1. What was the first show you curated?
The first show I curated was called “Artists in Cornwall,” which took place in the Museum and Art Gallery in Leicester, in England in 1965. I was a second year undergraduate—what you call in the US a sophomore!— and 19 years old. It was part of the University Arts Festival, of which I was the co-organizer. I did the show, organized a Symphony concert, conducted by Sir Adrian Boult, and acted, as the man in the middle pot, in the illicit world premier of “Play”, by Sam Beckett. Somehow we got hold of the text! The exhibition itself, which had a small, elegant catalogue, included works by Ben Nicholson, Barbara Hepworth, Peter Lanyon, Roger Hilton and other artists of the St. Ives School, many of whom had strong connections with the American Abstract Expressionists.
2. How did you become a curator?
It was by accident. I studied neither art nor art history, but rather general history, and anticipated becoming a school master. Looking for a holiday job I wandered into what was then London’s leading Old Master Gallery, Thomas Agnew & Sons. I was taken on as the librarian and researcher, stayed three years—and, with various ups and downs I have never looked back!.

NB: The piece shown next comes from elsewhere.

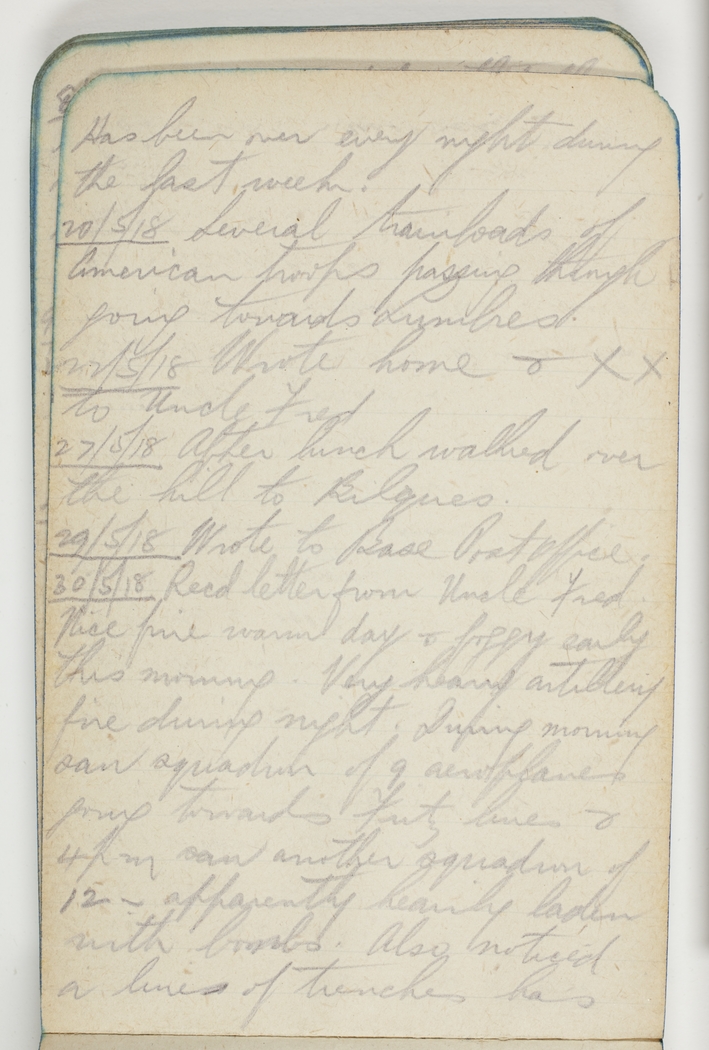 30/5/18 Recd letter from Uncle Fred. Nice fine warm day & foggy early this morning. Very heavy artillery fire during night. During morning saw squadron of 9 aeroplanes going towards Fritz lines & 4pm saw another squadron of 12 – apparently heavily laden with bombs. Also noticed a line of trenches has

3. What is the most important project you have worked on?
Without question the exhibition “A New Spirit in Painting”, which opened at the Royal Academy in January 1981. I had as co-curators Christos Joachimides (a German-Greek independent curator in Berlin, with whom in 1974 I had organized a German political Art Show that included Joseph Beuys’ first large-scale appearance in London) and Nicholas Serotta (then Director of the Whitechapel). The exhibition included the first presentation in a non-German speaking world of the now famous German artists of that generation (Baselitz, Kiefer, Penck, Polke, Richter, etc.), artists of the Italian Transavanguardia, American painting, including both late De Kooning and a young Julian Schnabel. The exhibition also included four great paintings done after 1970 by Picasso, the presentation of which began the reevaluation of late Picasso, and subsequently swept the world. The exhibition, though not well received in London at the time, I really believe, changed the perception of contemporary art at the time on both sides of the Atlantic. The following year, Christos and I organized a more Baroque version of the show in West Berlin, with the title “Zeitgeist,” the new painting of the time centered around an immense installation of Joseph Beuys’ “Stag Monuments”.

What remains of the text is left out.